Seven Seconds põe o dedo na ferida ao falar sobre racismo e violência policial
Crítica da primeira temporada de Seven Seconds, nova série da Netflix
Nova série da Netflix debate temas atuais no mundo inteiro
“Eles vão te ferrar por Ferguson, Chicago, Baltimore. Por cada policial branco que já matou um garoto negro”, diz o policial Mike DiAngelo (David Lyons, de Revolution) para o recém chegado na Divisão de Narcóticos da Polícia de New Jersey, Peter Jablonski (Beau Knapp, de Shots Fired).
Sem maiores rodeios, a nova antologia criminal da Netflix, Seven Seconds, entrega o seu maior objetivo: cutucar algumas das maiores feridas americanas (hoje mais abertas do que nunca diante da administração Trump): o racismo e a violência policial.
A frase é dita logo no episódio piloto da série criada por Veena Sud, o nome por trás de The Killing. As cidades citadas por DiAngelo tiveram suas Polícias investigadas pelo governo dos Estados Unidos sob acusações de racismo e uso excessivo da força contra a população negra.
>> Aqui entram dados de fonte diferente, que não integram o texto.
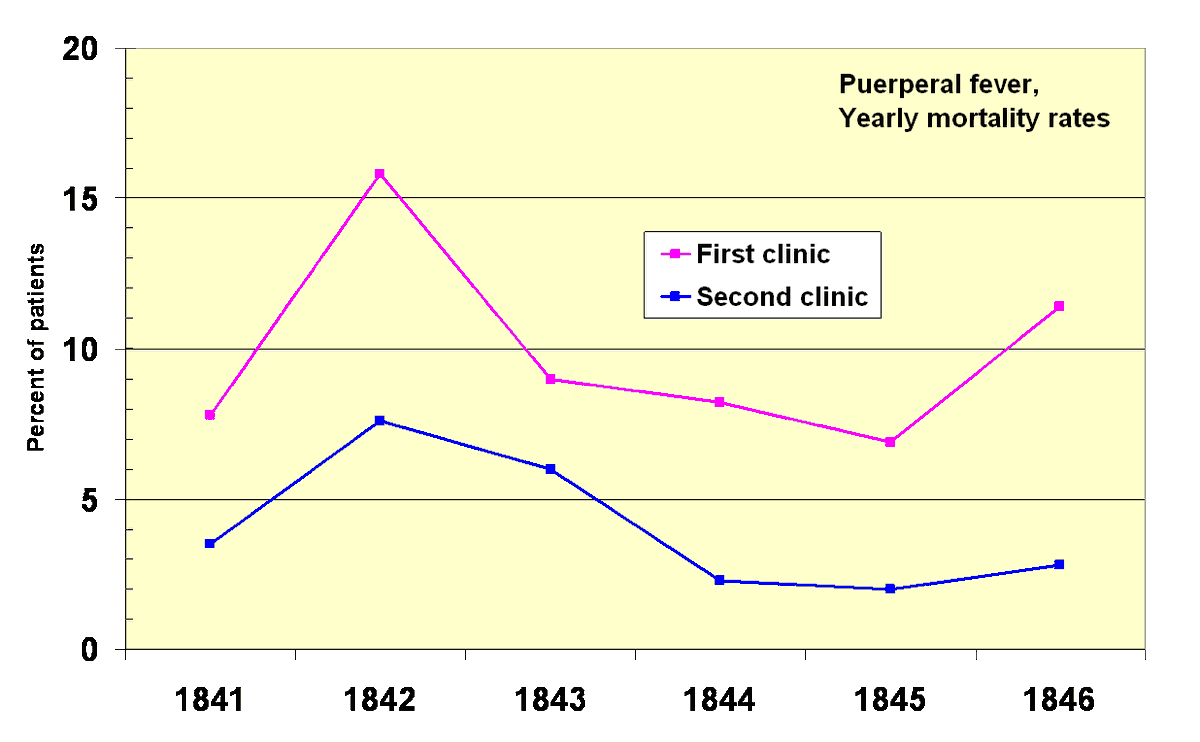 I śmiertelność porodowa na jednym z nich była o wiele większa niż na drugim. Kobiety zabijała tam gorączka połogowa i robiła to tak często, że oddział był traktowany jak "umieralnia". Pacjentki zgłaszające się do szpitala błagały lekarzy, by ich tam nie kierować.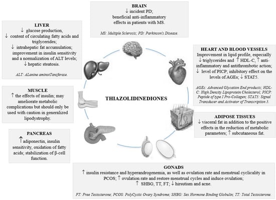 Peroxisome Proliferator-Activated Receptors (PPARs) represent nuclear receptors expressed throughout most of the body, including adipose tissue, liver, skeletal muscle, heart and kidney, and are deputies to the regulation of transcription of genes involved in gluconeogenesis, lipid transport and fatty acid oxidation []. The three PPARs (α, β/δ and γ) have a different tissue distribution: heart, skeletal muscle, brown fat, kidney, colon, liver randomly. Some PPAR agonists are prescribed for the management of T2DM, such as rosiglitazone and pioglitazone []. Table 1 and Table 2 summarize landmark clinical studies and major results achieved with thiazolidinediones. Figure 1 illustrates the mechanisms and pleiotropic effects of thiazolidinediones.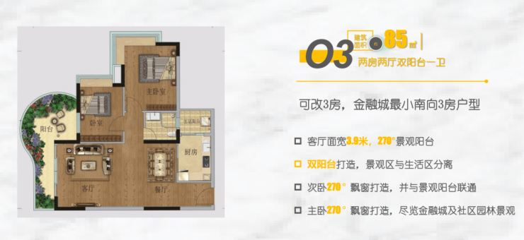 🅣🅞🅟03户型【85㎡2房1卫】南向园林景观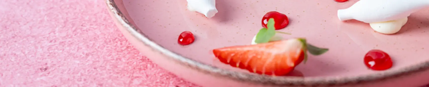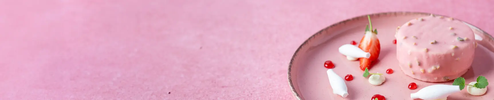 Vertel het verhaal achter een dessert. Onze patissiers zijn geïnspireerd door de Strawberry Moon. Een volle maan midden in het aardbeien seizoen die volledig roze kleurt. Het dessert gemaakt op een bodem van yoghurt feuilletine met daarop een compote van aardbeien, een mousse van kalamansi, duchesse biscuit en luxe gedecoreerd met witte chocolade en een meringue van aardbei.

É também no primeiro episódio, logo nos primeiros minutos, que nós somos apresentados ao epicentro da trama. Enquanto dirigia rumo ao hospital para encontrar a esposa grávida, o policial Peter Jablonski atropela o adolescente que andava de bicicleta pelo parque coberto de neve. Em choque, ele pede ajuda aos colegas de farda.
Diante da emergência, o grupo resolve acobertar o crime e abandonam Brenton Butler em uma vala. A decisão tomada de forma fria, e (mal) calculada, transformaria a vida de cada um dos envolvidos a partir daí.
Brenton é filho único de Latrice (a formidável Regina King, de American Crime) e Isaiah Butler (Russell Hornsby, de Grimm): pais trabalhadores e devotos que acabaram de comprar uma casa fora dos conjuntos habitacionais populares – os famosos “projects” – com o objetivo de deixar Brenton longe de qualquer influência das gangues que ali atuam.
Trama se utiliza da dúvida para entreter
A partir daí o mistério e a dúvida dominam o clima de Seven Seconds. Brenton vai sobreviver? Os culpados serão encontrados? O que Brenton fazia no parque?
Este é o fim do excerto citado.